According to Steve Lambert, a managing director and global head of distribution for National Australia Bank, super funds tend to be more prepared to wear short-term volatility than the corporates and managers who participate in the foreign exchange market, however, they are still reactive in changing benchmarks. “There’s a continuing debate as to whether currencies are a separate asset class, however we have probably moved on a bit from that,” he said.
“There is now a greater awareness about the value of having the systematic management of currency, whether this is outsourced or not and whether it is active or a passive overlay.” NAB is hosting a one-day conference in Melbourne on August 27 for super funds and managers looking at various aspects of currency management, including the big questions of whether to hedge or not to hedge and, if so, by how much. NAB conducts a bi-annual survey, the results of which will be analysed at the conference, which shows aggregate hedging policies of super funds and other institutional investors.

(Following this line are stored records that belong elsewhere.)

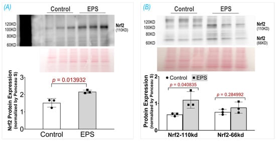 Protein expression of Nrf2 in the C2C12 myotubes receiving EPS, detected by using two different antibodies: (A) A0674 (ABclonal) and (B) 16396-1-AP (Proteintech). Data are expressed as mean ± SD; n = 3/each group.
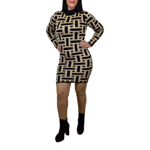 Leona fekete-bézs mintás női ruha magasított nyakú, testhezálló gépi kötött hosszú ujjú női ruha, amely elegánsan divatos viselet alkalmakra. Anyaga puha, kényelmes és rugalmas. Anyagösszetétel: 85% viscose, 15% nylon.Anyagából fakadóan kényelmesen és esztétikusan enged. Méreteket mindig ellenőrizd! A termék színtelítettségében, árnyalatában lehet eltérés a stúdióban vagy a szabadban "használt" fényviszonyoknak köszönhetően, illetve az okos eszközök kijelzőjének különböző szín - és fényerő beállításai miatt.
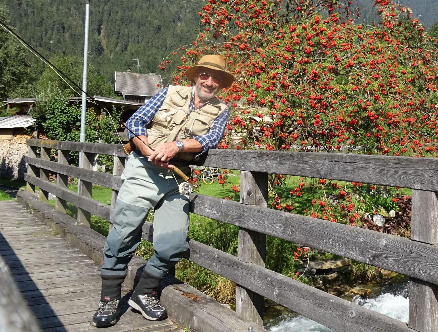 Ornato da innumerevoli alberi vermigli del Sorbo degli Uccellatori il torrente scorre impetuoso, le gambe tremano nella corrente, lo sguardo teso a osservare il terminale della lenza per cogliere l’oscillazione che rivela l’ attacco della preda.
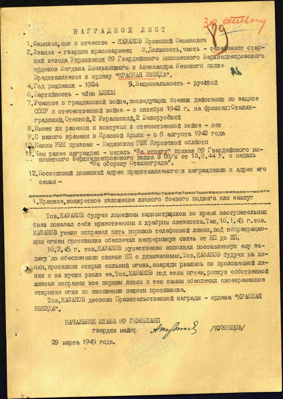 П. С. Казаков обслуживал подразделения гвардейских миномётов «катюша». Надо знать, что эти боевые установки после каждого залпа снимались с позиции и перебазировались на другое место. Иначе - неминуемая гибель (немцы охотились за «катюшами»). И всё же подразделения несли потери. К моменту, когда генерал Паулюс был окружён, и пленён, в полку, где служил наш земляк, из 24 установок осталось только 13.
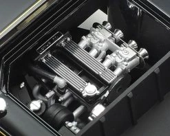 - With the removal of the hood, the engine can be viewed even after completion. It features twin carburetor, 5-speed transmission, and shift linkage in the rear, plus new air funnels
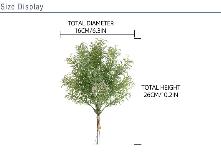 The specification of this product is worth noting. The price is for one bunch, and each bunch consists of 6 single stems. This means that when you purchase one bunch, you get 6 individual stems, which can be used together as a bunch or separated to add a touch of greenery to multiple places. This flexibility in use is a great advantage, allowing for more creative freedom in decoration. Whether you want a more clustered look or a scattered, subtle presence, these 6 stems can cater to your needs.
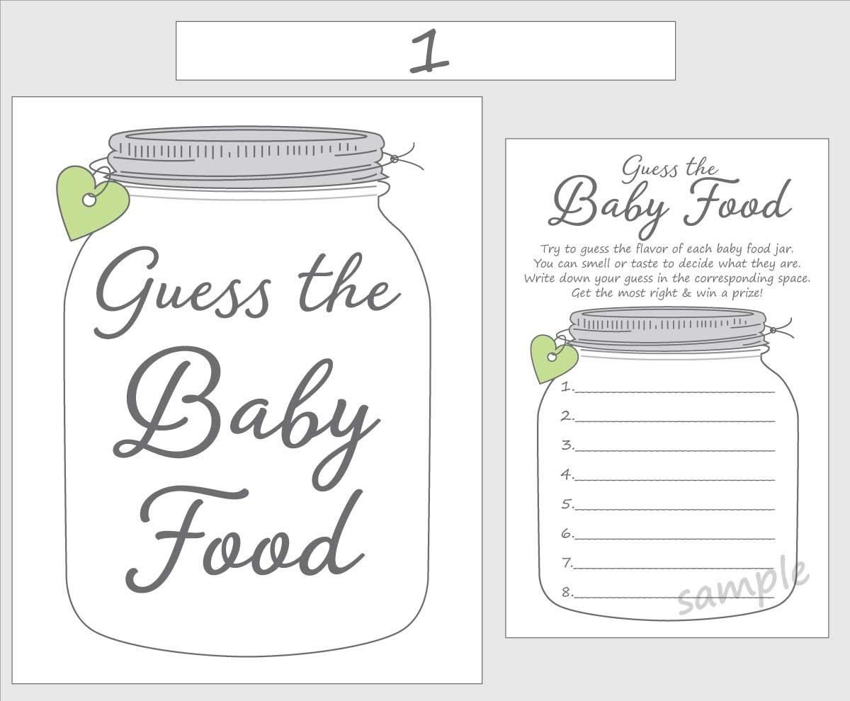 Guess The Baby Food Printable Baby Shower Game Mint Green Gender Neutral Mason Jar Etsy

The most common hedge ratio traditionally has been about 50 per cent, but this figure rose slightly in the past 12 months. The main result from the 2009 survey, published late last month, is a big increase in concern about the cash impact of hedging. This is because of the experience in 2008 when funds had realised gains and losses on their hedging instruments at the same time as having unrealised gains and losses on their underlying investments. When super funds were asked in the 2007 survey what would provoke a change in their currency benchmark only 13 per cent responded with ‘concern about the cash impact of hedging’.